La placa se fija en la parte superior con tornillos de 6-7 milímetros y en la inferior con tornillos de 4-7 milímetros.
La cresta ilíaca o el soporte sintético se insertan a través de la cuña de abertura para evitar la pseudoartrosis o una mala consolidación.

Recuperación postoperatoria de genu valgo

La hospitalización se extiende entre 2 y 5 días en la unidad de ortopedia.

La fijación interna permite al paciente empezar de inmediato los ejercicios de fisioterapia y rehabilitación, así como una rápida recuperación.
La amplitud de movimiento es suficiente para empezar el refuerzo.

El fisioterapeuta moviliza el miembro inferior el día después de la intervención.
Se empieza la movilización pasiva/activa con la pierna extendida.
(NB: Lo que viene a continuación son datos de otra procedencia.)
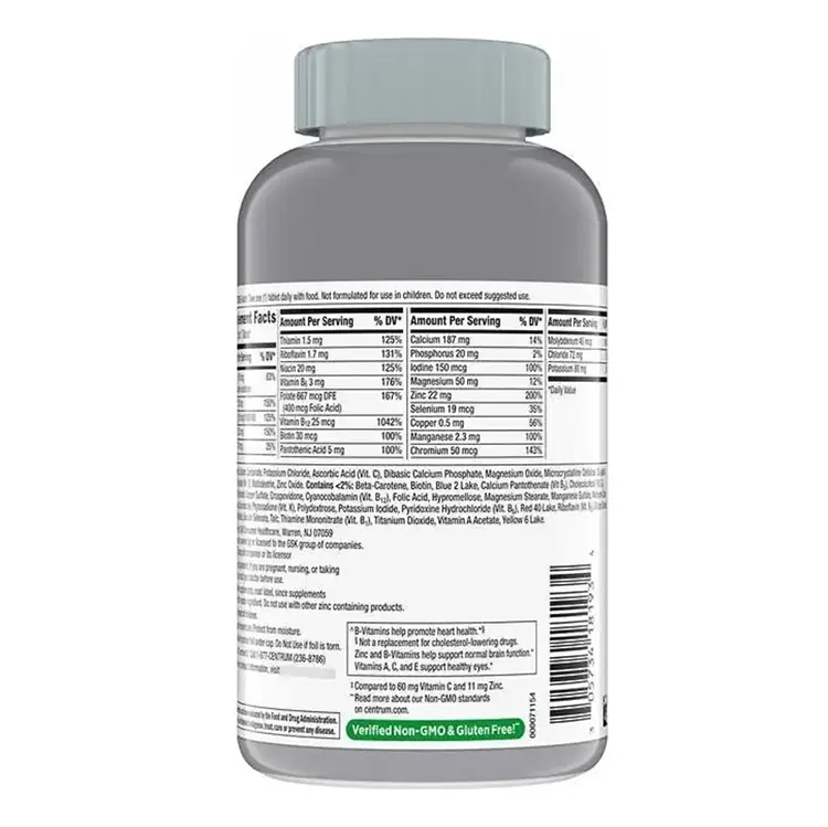 Centrum Silver Adults 50+ 325 Tab es un multivitamínico diseñado para apoyar la energía, la inmunidad y la salud del corazón, huesos y vista en adultos mayores de 50 años. Con vitaminas y minerales esenciales como D3, B12, zinc y luteína, te ayuda a mantener un bienestar integral con solo una tableta al día. ¡Ideal para seguir activo y sentirte mejor cada día!

La prótesis se retira el segundo día y a partir de ese momento se puede extender la pierna.

Ejercicio de rehabilitación para el genu valgo

Al principio, la fisioterapia debe ser pasiva, aunque el paciente debe trabajar de manera activa lo antes posible.
En la última parte de la rehabilitación, es necesario reforzar los músculos con algunos aparatos de rehabilitación: extensor de piernas, prensa de piernas y curl de piernas.

La rehabilitación no debe incluir pesas en las tres primeras semanas, al menos hasta la radiografía.
El paciente empieza a caminar sin muletas al final del tercer mes.

Una rehabilitación correcta refuerza y extiende los músculos, mejorando la coordinación y la marcha.